Durante su visita, el obispo se instaló en casa de mi abuela, donde fue atendido con las mejores viandas, manteles y ropa de cama. Recuerdo que, para honrar a tan ilustre visitante, mis tías seleccionaron las gallinas más gordas del corral, que luego cocinaron en un horno de leña, acompañadas de sopa de arroz.
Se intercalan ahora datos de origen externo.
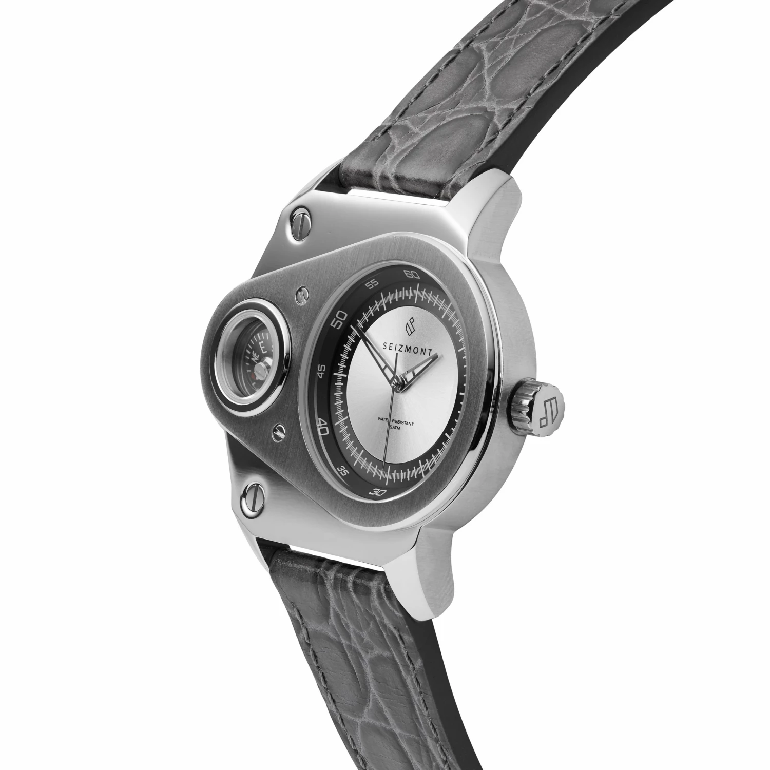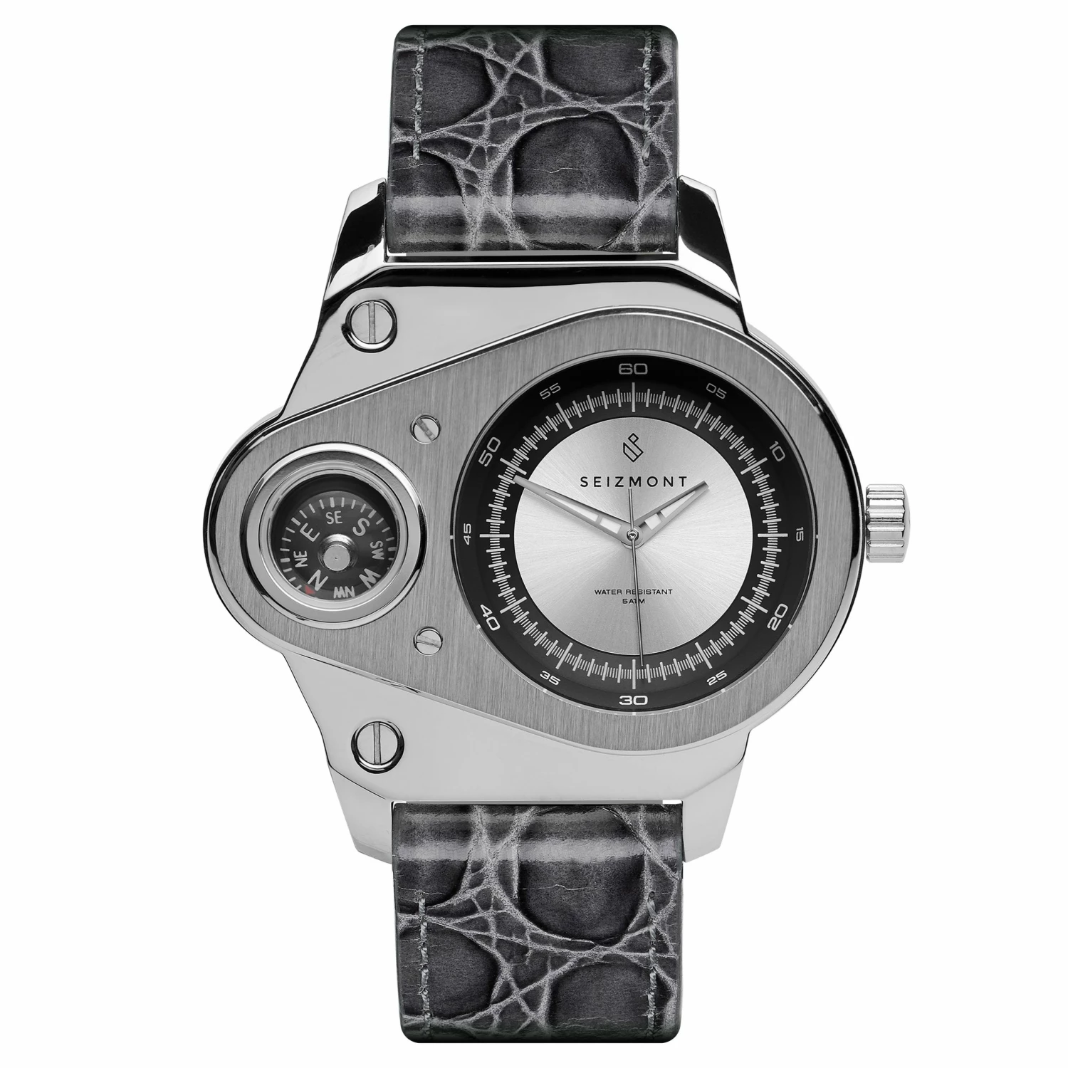 The best part is that you donβt have to take this watch off when the journey ends. With a sleek design that features brushed and polished silver-tone stainless steel and a dark-grey textured band, this watch will look just as good with your dressed-up outfit as it does on your next hike.

Cuando el obispo se fue, después de haber cumplido con el ritual de su visita, mi madre nos contó la historia de aquel sacerdote heroico. Nos dijo que siendo joven, por allá en los años treinta, el hombre había permanecido huyendo como guerrillero por la sierra de Sonora, escondiéndose de la implacable persecución religiosa del gobierno revolucionario de aquellos años. Había vivido en ranchos abandonados, montes al descubierto y cuevas de la sierra, por cierto, una de ellas muy famosa, a la que bautizó como Los Ciriales, porque cuando el ejército la encontró, la quemó con todo y lo que había en ella, salvándose solamente el sacerdote y sus seguidores, porque lograron escapar unas cuantas horas antes de que los soldados llegaran.
Durante todo ese tiempo, el obispo se hizo acompañar por sus fieles sacerdotes y un grupo de jóvenes seminaristas, a quienes, a salto de mata, enseñaba y formaba como sacerdotes, dándose el lujo de ordenar a dos de ellos, allá en lo alto de las montañas.
Cuando la persecución cesó en 1937, el obispo pudo regresar a Hermosillo, retomar la sede episcopal y refundar el Seminario Conciliar en un predio localizado junto al río Sonora llamado La Parcela.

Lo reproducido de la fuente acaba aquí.